-- EXERCISE --
In the listing below, the lines starting at the line with "7、电视柜背景要大,预留穿孔线,这样做极简大气,乱七八糟的线可以完美隐藏。" and ending at the line with "Folder Info: Includes" are to be output verbatim. Images stay out of the copy.

── INFORMATION SUPPLIED ──

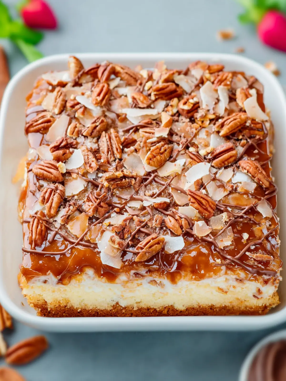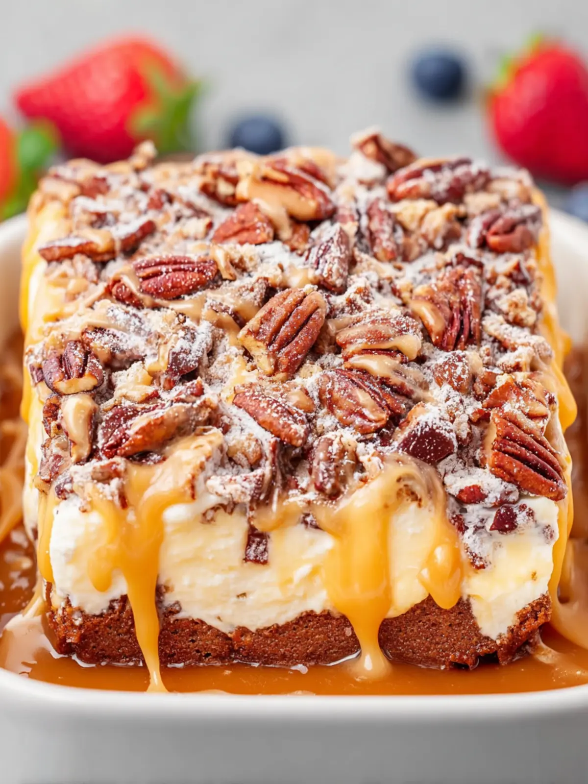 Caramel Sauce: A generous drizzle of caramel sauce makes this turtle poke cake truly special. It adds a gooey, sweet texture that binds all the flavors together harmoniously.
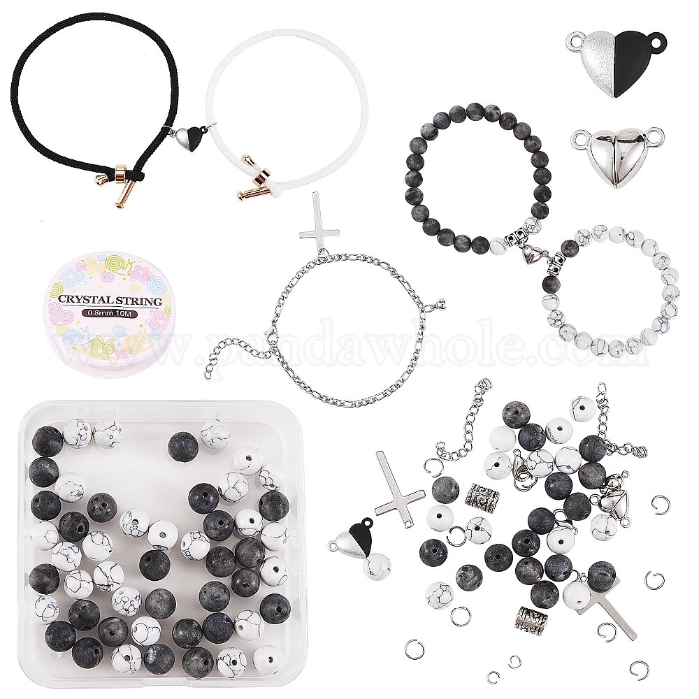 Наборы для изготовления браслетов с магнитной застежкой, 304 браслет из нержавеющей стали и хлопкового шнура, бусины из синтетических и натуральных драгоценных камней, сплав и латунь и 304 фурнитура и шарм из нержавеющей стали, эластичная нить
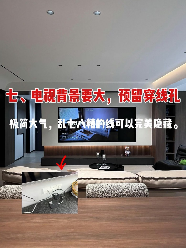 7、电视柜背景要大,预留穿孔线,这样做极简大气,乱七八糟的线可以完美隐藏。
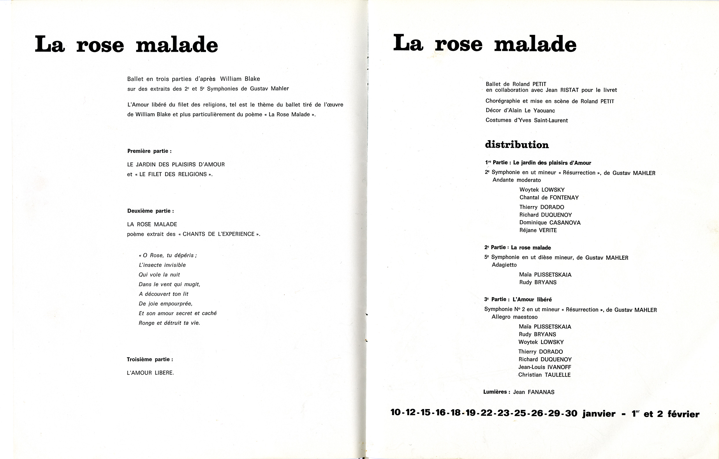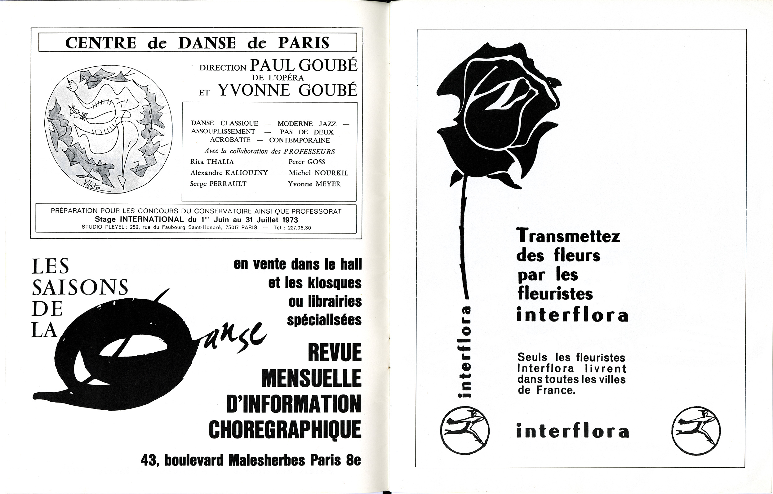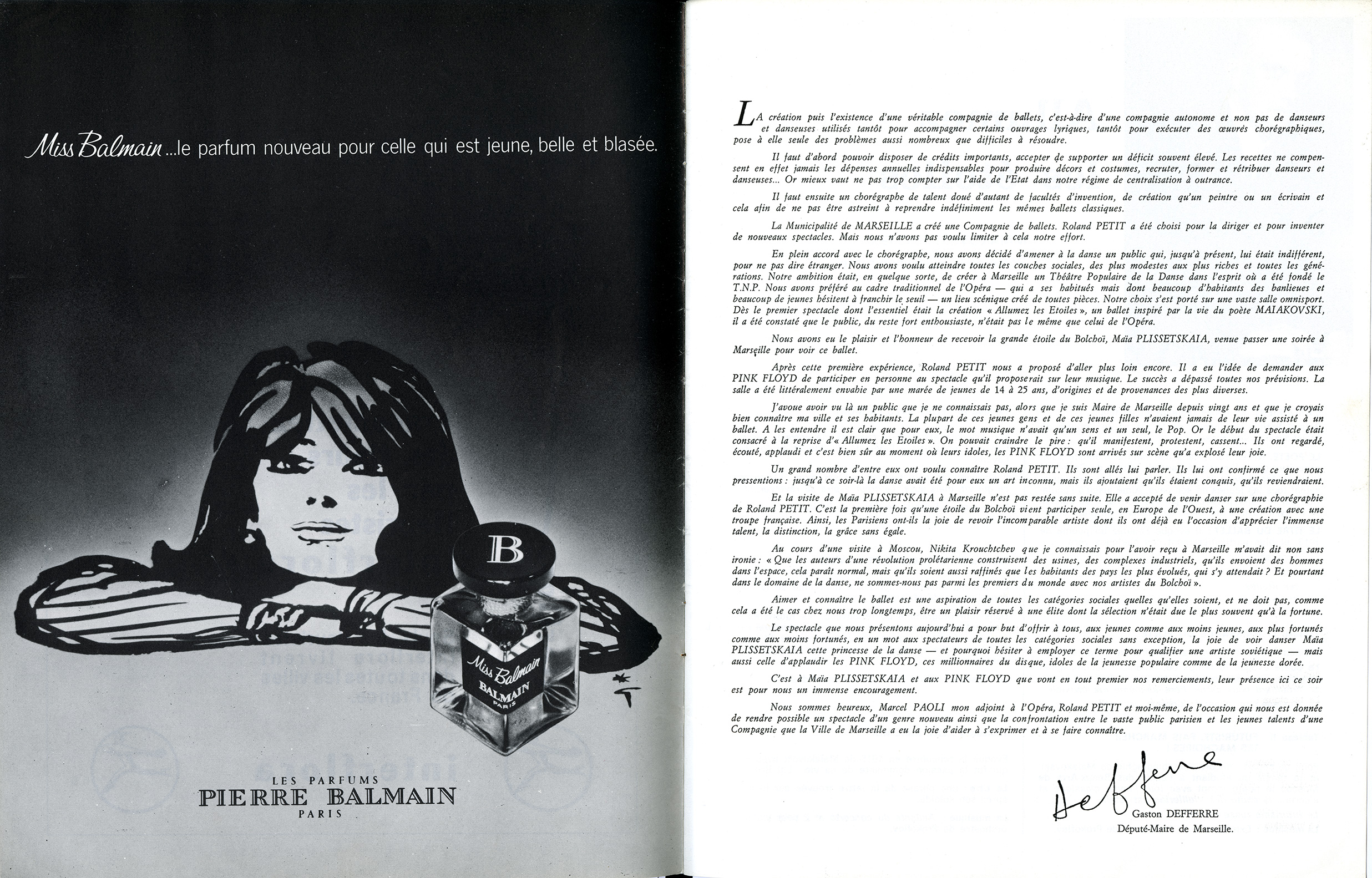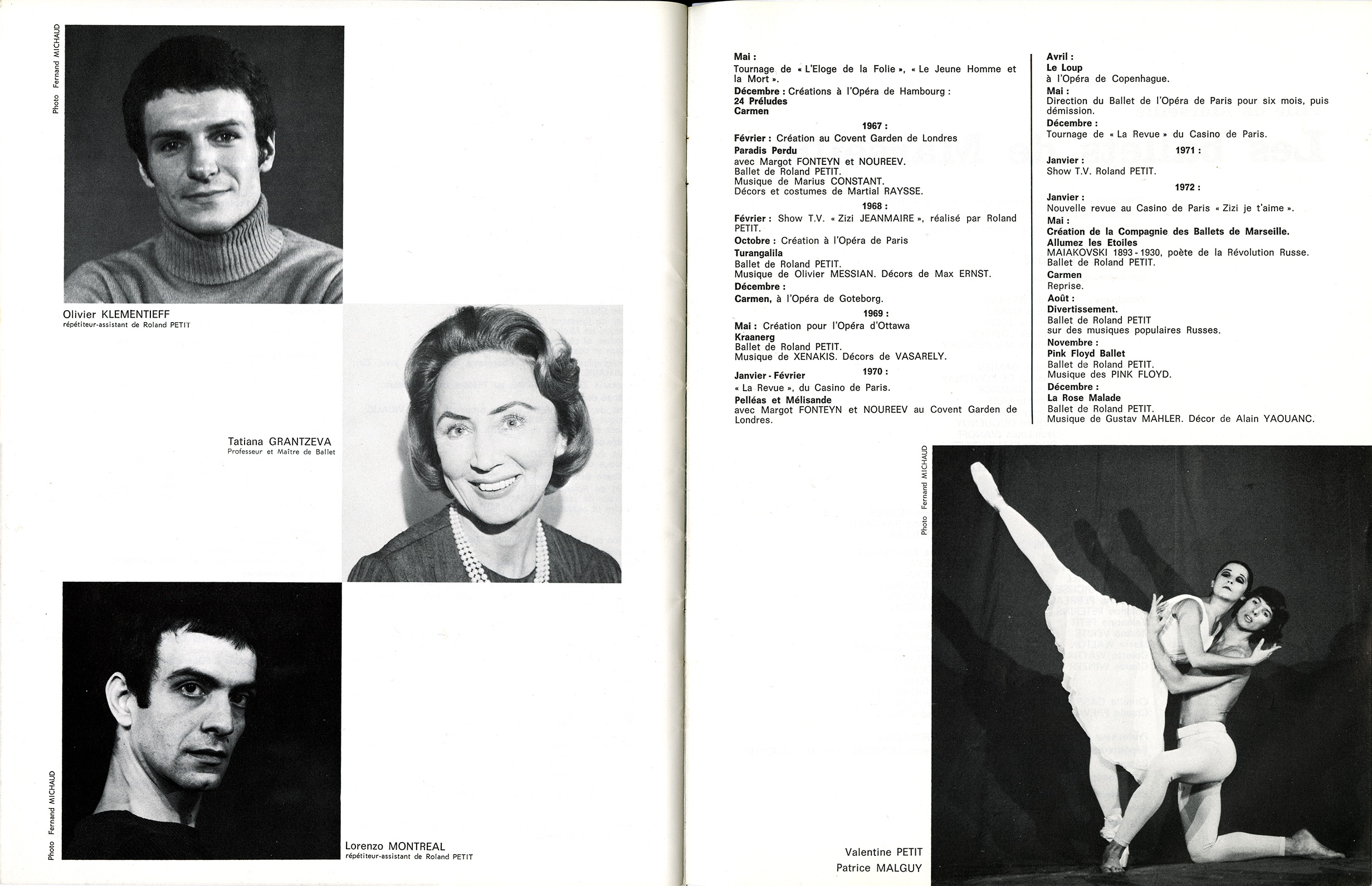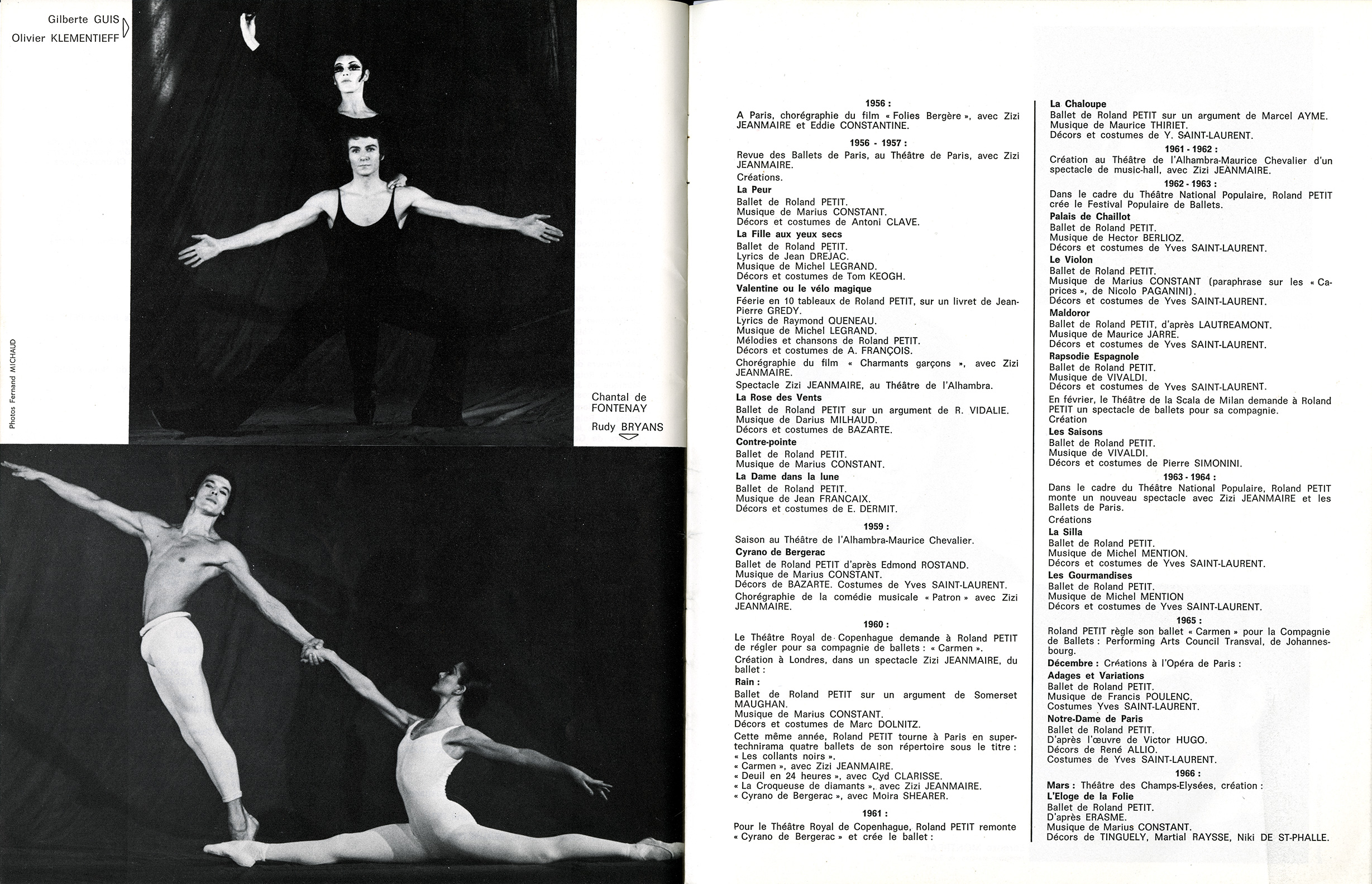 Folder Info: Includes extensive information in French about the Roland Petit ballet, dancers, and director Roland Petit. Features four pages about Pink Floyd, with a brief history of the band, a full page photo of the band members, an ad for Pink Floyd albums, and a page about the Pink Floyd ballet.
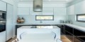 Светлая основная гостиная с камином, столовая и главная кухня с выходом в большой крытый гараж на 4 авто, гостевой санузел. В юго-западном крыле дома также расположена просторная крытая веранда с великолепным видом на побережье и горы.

───

-- ANSWER TO THE PROBLEM --
 7、电视柜背景要大,预留穿孔线,这样做极简大气,乱七八糟的线可以完美隐藏。
 Folder Info: Includes extensive information in French about the Roland Petit ballet, dancers, and director Roland Petit. Features four pages about Pink Floyd, with a brief history of the band, a full page photo of the band members, an ad for Pink Floyd albums, and a page about the Pink Floyd ballet.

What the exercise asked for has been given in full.